By Patent Progress, Project Disco
On Tuesday, Apple released a new policy on its website relating to the obscure topic of “FRAND” licensing of patents. That’s an especially obscure corner of the already-obscure area of patent law. But it’s worth the attention of anyone who follows the debates over big tech and platform dominance, because Apple’s statement reveals an important industry-wide shift in many key tech companies’ views on their position in the technology ecosystem.

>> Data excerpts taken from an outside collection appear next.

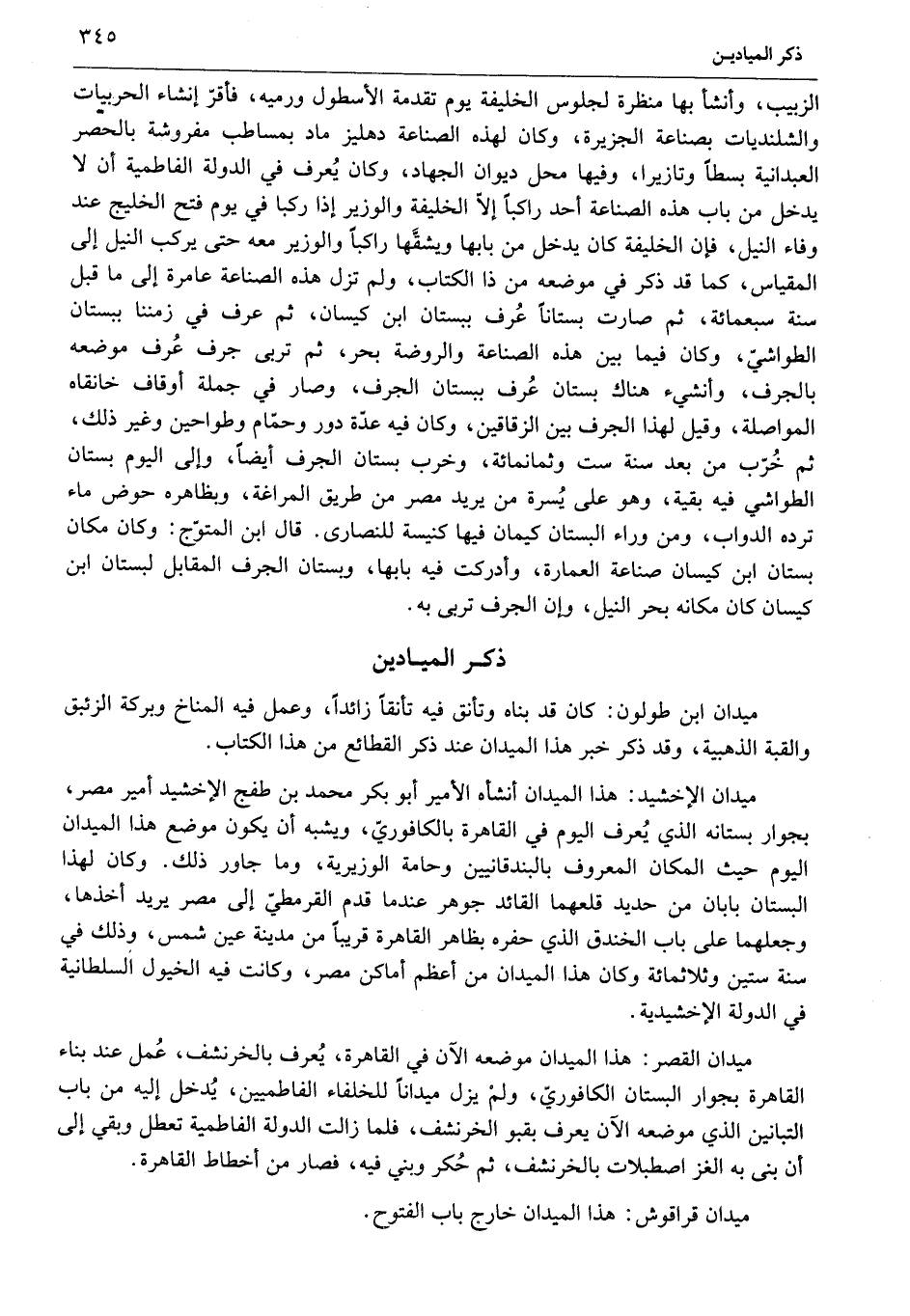 ميدان ابن طولون: كان قد بناه وتأنق فيه تأنقا زائدا، وعمل فيه المناخ وبركة الزئبق والقبة الذهبية، وقد ذكر خبر هذا الميدان عند ذكر القطائع من هذا الكتاب.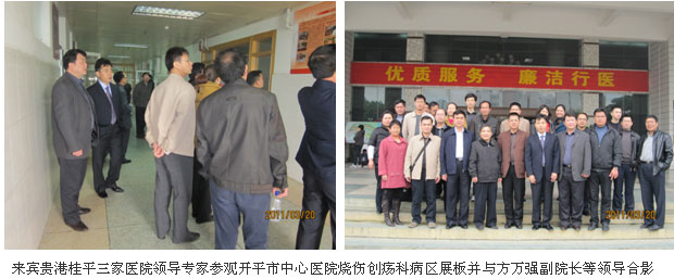 通過(guò)對(duì)開(kāi)平市中心醫(yī)院、廣州市中西醫(yī)結(jié)合醫(yī)院兩家醫(yī)院的參觀交流后,桂平市中醫(yī)醫(yī)院的韋國(guó)雨副院長(zhǎng)、大骨科主任黎小琳、大外科主任黎海都表示要立即把燒傷創(chuàng)瘍科組建起來(lái),把燒傷再生醫(yī)學(xué)與療法相關(guān)技術(shù)應(yīng)用到各類(lèi)燒傷及難愈性創(chuàng)面的治療中,以造福180萬(wàn)桂平人民。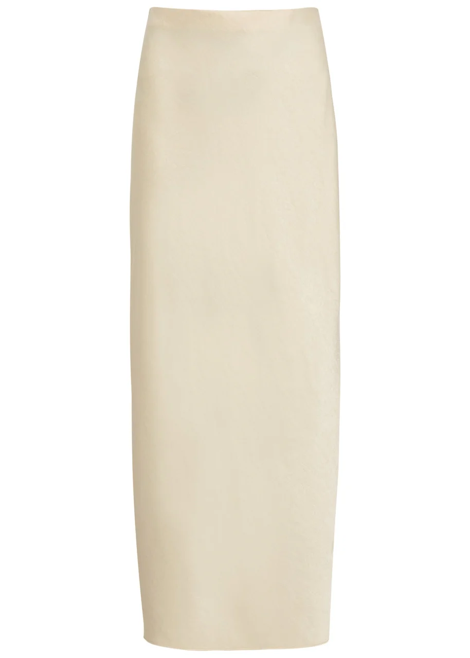 Info & Care Vince satin skirt Elasticated waistband, back vent Concealed zip fastening at back 55% polyester, 45% recycled polyester Machine wash Size & Fit Length waist to hem: 43 inches/ 109.5cm Midweight Loose fit,;straight-cut style Model is 5'9"/ 175cm and wears a size;US4

So far, that shift has favored smaller companies hoping to break into the technology market, but current threats could endanger those small companies and competition generally.
Though you’ve probably never heard of the acronym FRAND, you certainly know some of the acronyms it has produced: Wi-Fi, USB, HTML, 4G LTE. These are examples of “technology standards,” which allow computers and electronic devices to communicate and work with each other. Unsurprisingly, standards are absolutely fundamental to just about every smart device out there today, from your mobile phone to your Wi-Fi juice maker. Standards are the reason that, when you look for a new Bluetooth headset compatible with your latest phone, you find not just one company making them but dozens.
Technology standards don’t arise out of thin air; they are rigorously devised by “standard-setting organizations,” consortia of companies and engineers that assemble technologies into standards. A problem comes up when a company contributes a patented technology to the standard—a patent on a component of Wi-Fi could (and did) allow someone to sue anyone who owns a wireless router. Standard-setting organizations try to avoid that by requiring members to license any patents essential to the standard on terms that are “fair, reasonable, and non-discriminatory,” or FRAND. Implementers of products using the standard can thus feel safe knowing that they will not be pushed out of the market due to overbearing pressure from a patent holder.